Task to complete: Print the listing in its entirety and exactly, leaving out images.

Collected material:
+++
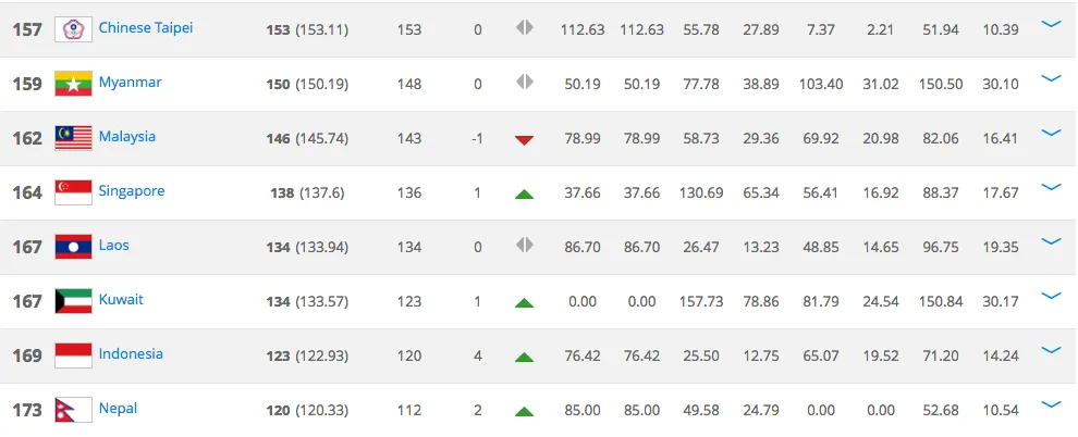 Sementara itu, Vietnam kekal di tangga ke 136, Myanmar (159), Singapura (164), Laos (167), Indonesia naik empat tempat ke kedudukan 169 dunia, Kemboja (175), Brunei ( 184) dan Timor Leste (194).
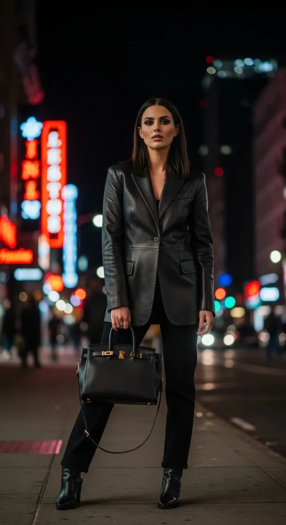 Stylist Suggestion: Pair with sleek boots and a structured bag. Keep hair straight and polished to match the sharp texture of leather.
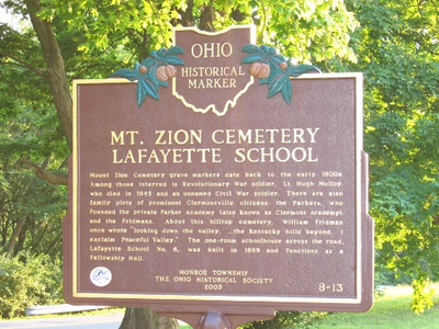 Mt. Zion Christian Church Cemetery was honored by the Ohio Historical Society in 2003 for the many veterans and prominent grave markers that date back to the early 1800s. The marker states the following:
+++
Reply to the exercise:
 Sementara itu, Vietnam kekal di tangga ke 136, Myanmar (159), Singapura (164), Laos (167), Indonesia naik empat tempat ke kedudukan 169 dunia, Kemboja (175), Brunei ( 184) dan Timor Leste (194).
 Stylist Suggestion: Pair with sleek boots and a structured bag. Keep hair straight and polished to match the sharp texture of leather.
 Mt. Zion Christian Church Cemetery was honored by the Ohio Historical Society in 2003 for the many veterans and prominent grave markers that date back to the early 1800s. The marker states the following:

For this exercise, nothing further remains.